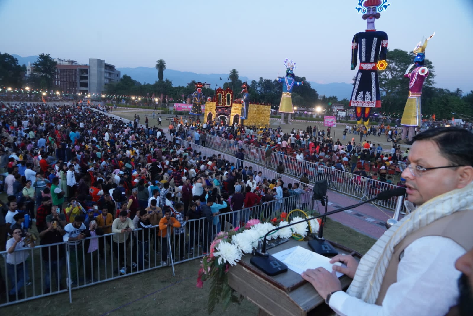 मुख्यमंत्री पुष्कर सिंह धामी मंगलवार को परेड ग्राउण्ड में बन्नू बिरादरी दशहरा कमेटी द्वारा आयोजित दशहरा महोत्सव में शामिल हुए। मुख्यमंत्री द्वारा इस अवसर पर भगवान श्री राम एवं हनुमान जी की पूजा अर्चना के तत्पश्चात् रावण, मेघनाथ और कुम्भकर्ण के पुतलों का दहन किया गया। मुख्यमंत्री ने सभी को विजयदशमी की शुभकामनाएं देते हुए कहा कि दशहरा का पर्व बुराई पर अच्छाई तथा अधर्म पर धर्म की विजय का प्रतीक है। उन्होंने कहा कि वर्षों से हम रावण का दहन करते आ रहे है। रावण अधर्म एवं बुराई का प्रतीक था, इसलिये उसे हर वर्ष जलना होता है। उन्होंने कहा कि यह अवसर हमें समाज में जहां भी बुराई नजर आती है उसे दूर करने का भी सन्देश देता है। अच्छा इंसान बनकर ही हम अच्छे समाज व देश के निर्माण में सहभागी बन सकते हैं। मुख्यमंत्री ने कहा कि विजयादशमी का यह पर्व हमारे समाज के लिये एक सीख और सामाजिक मूल्यों का प्रतिबिंब है। यह पर्व हमारे सामूहिक शक्ति को प्रदर्शित करने, हमारी सामाजिक जिम्मेदारियों के प्रति संवेदनशीलता बढ़ाने, और सामाजिक बुराइयों को दूर करने की दिशा में प्रयास करते रहने की परंपरा को आगे बढ़ाता है।
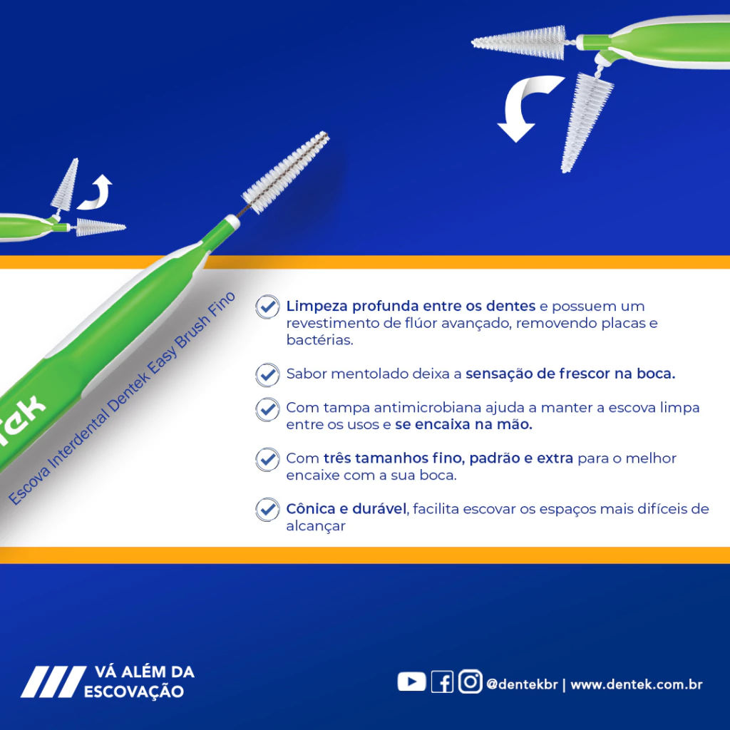A DenTek Easy Brush Grande facilita o alcance de áreas onde a escova comum não alcança, promovendo uma limpeza profunda e cuidadosa. Seu design funcional e portátil permite levar na bolsa ou mochila, sendo perfeita para o dia a dia. Garanta uma higiene completa e um sorriso saudável com a qualidade DenTek.
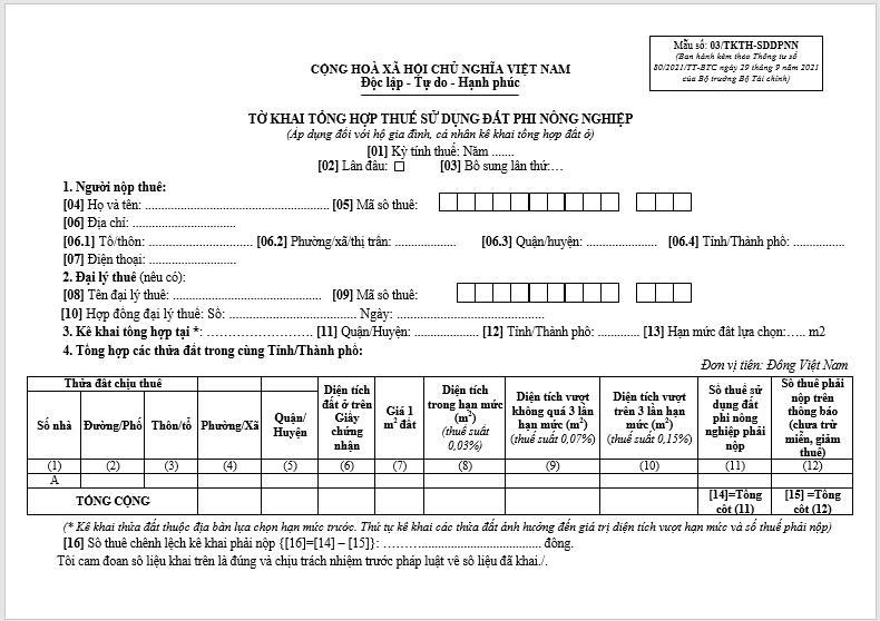 Mẫu 03_TKTH-SDDPNN - Tờ khai tổng hợp thuế sử dụng đất phi nông nghiệp
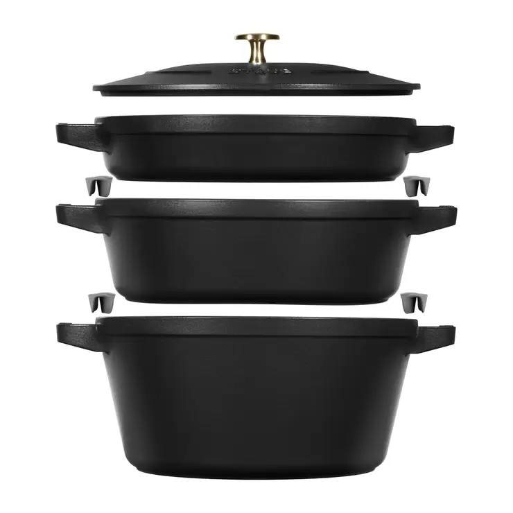 STAUB have put together a set consisting of a Cocotte, a braiser and a frying pan, complete with self-basting lid, that can be easily stacked and fits into every kitchen. With their 24cm diameter, the products have the perfect size for one-pot family meals or for individual dishes in a three-course dinner. Together, they cover nearly all culinary requirements and can be used to cook a complete menu. The products are ideal for roasting, braising, frying, searing, caramelising, steaming, boiling, blanching, slow-cooking and even baking.
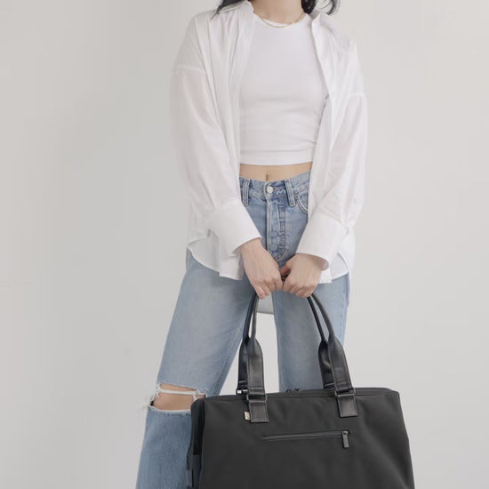 We designed this bag to take the hassle out of packing for the weekend or whichever days you’re away. Seriously, this tote’s easy-access opening makes getting everything in and out a breeze (no flashlight required). Plus, the bottom compartment is designed to keep your shoes, toiletries and travel essentials separate—you can even stash a hair dryer in there. Bonus points: there’s a zipper-pocket on the back that becomes a trolley sleeve so it fits over your luggage handle. Say Hello to your new favorite Carry-On Travel Bag.
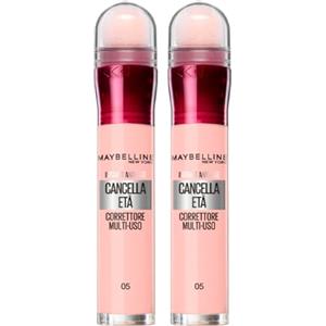 Maybelline New York Instant Anti-Age Cancella Età Correttore Multiuso Colore 05 Rosa Illuminante con Applicatore a Spugnetta - 2 Cosmetici
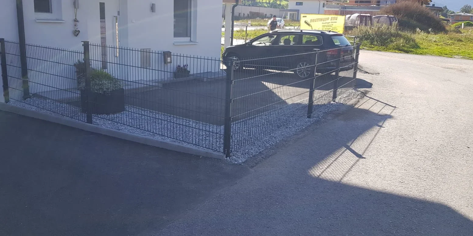 Bei diesem Projekt wurde ein modernes Doppelstabmattenzaunsystem installiert, das sich harmonisch in die Umgebung eines Einfamilienhauses einfügt. Besonders auffällig ist die präzise Ecklösung, die nicht nur funktional, sondern auch optisch ansprechend umgesetzt wurde.

• • • • • • •

### [Problem to work on]
Pictures are to be omitted. The lines from the line holding "We designed this" through the closing line of the data above are to be set down exactly, and nothing more.

### [Output below]
 We designed this bag to take the hassle out of packing for the weekend or whichever days you’re away. Seriously, this tote’s easy-access opening makes getting everything in and out a breeze (no flashlight required). Plus, the bottom compartment is designed to keep your shoes, toiletries and travel essentials separate—you can even stash a hair dryer in there. Bonus points: there’s a zipper-pocket on the back that becomes a trolley sleeve so it fits over your luggage handle. Say Hello to your new favorite Carry-On Travel Bag.
 Maybelline New York Instant Anti-Age Cancella Età Correttore Multiuso Colore 05 Rosa Illuminante con Applicatore a Spugnetta - 2 Cosmetici
 Bei diesem Projekt wurde ein modernes Doppelstabmattenzaunsystem installiert, das sich harmonisch in die Umgebung eines Einfamilienhauses einfügt. Besonders auffällig ist die präzise Ecklösung, die nicht nur funktional, sondern auch optisch ansprechend umgesetzt wurde.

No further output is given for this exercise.